- **TASK OBJECTIVE**
In the entries that follow, repeat exactly the lines from the one that has "- Op zaterdag" through the one that has "Component : mini", but omit pictures.

- **DATA EXCERPTS**
=-=-=-=-=

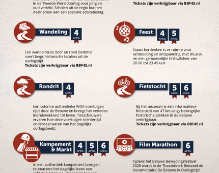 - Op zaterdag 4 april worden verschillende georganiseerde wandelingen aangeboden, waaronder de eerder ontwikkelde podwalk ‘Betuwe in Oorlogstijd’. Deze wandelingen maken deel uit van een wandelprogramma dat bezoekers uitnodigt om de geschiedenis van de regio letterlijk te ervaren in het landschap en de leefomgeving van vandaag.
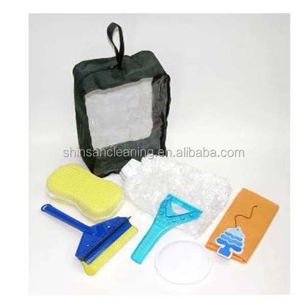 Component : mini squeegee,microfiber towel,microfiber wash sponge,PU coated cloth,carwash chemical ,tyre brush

=-=-=-=-=

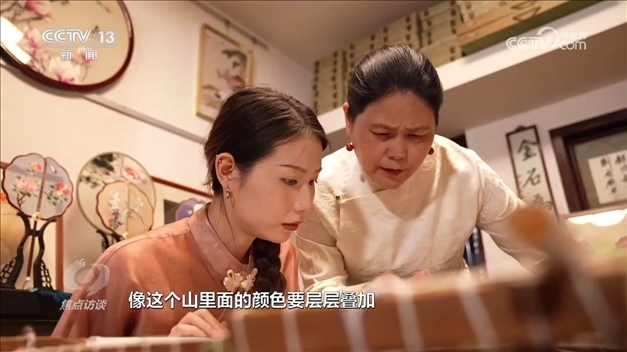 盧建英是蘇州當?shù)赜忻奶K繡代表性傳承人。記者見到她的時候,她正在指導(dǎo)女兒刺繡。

=-=-=-=-=

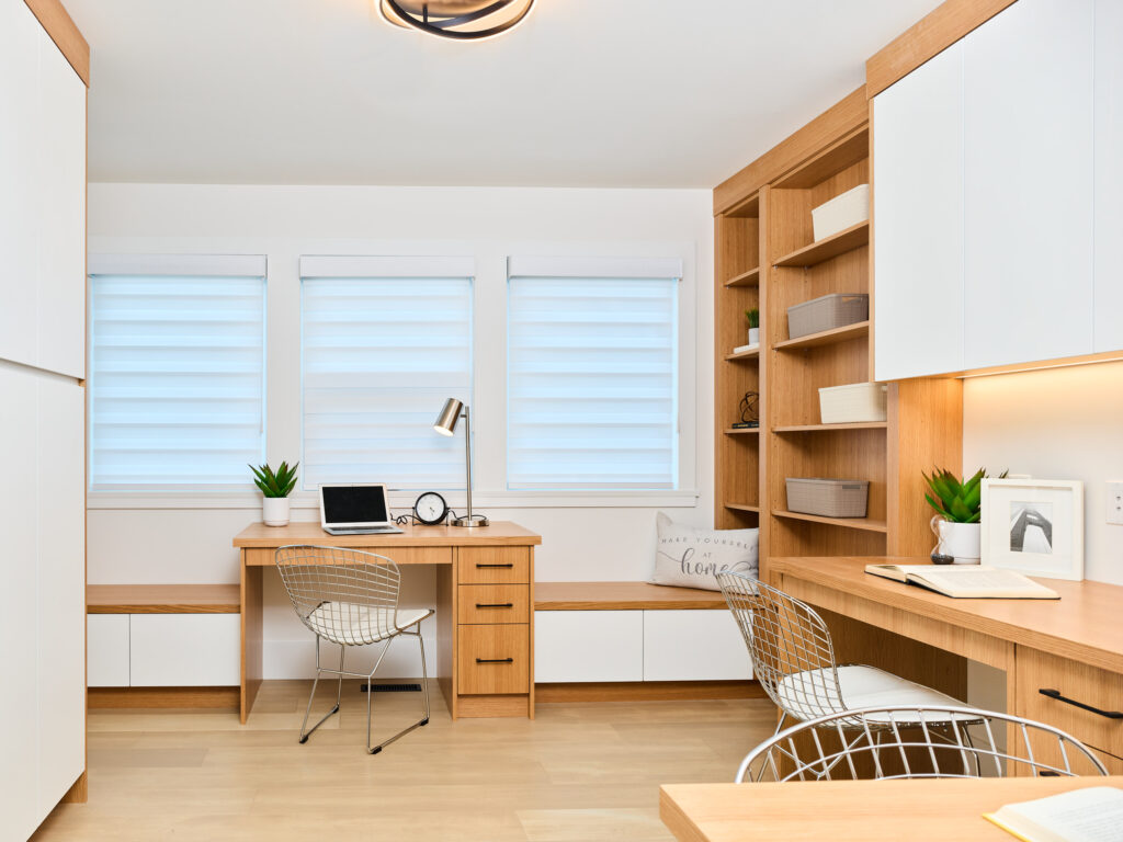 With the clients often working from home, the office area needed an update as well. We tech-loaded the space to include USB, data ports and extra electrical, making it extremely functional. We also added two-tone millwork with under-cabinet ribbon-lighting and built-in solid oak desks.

=-=-=-=-=

- **THE COMPLETED TASK**
 - Op zaterdag 4 april worden verschillende georganiseerde wandelingen aangeboden, waaronder de eerder ontwikkelde podwalk ‘Betuwe in Oorlogstijd’. Deze wandelingen maken deel uit van een wandelprogramma dat bezoekers uitnodigt om de geschiedenis van de regio letterlijk te ervaren in het landschap en de leefomgeving van vandaag.
 Component : mini squeegee,microfiber towel,microfiber wash sponge,PU coated cloth,carwash chemical ,tyre brush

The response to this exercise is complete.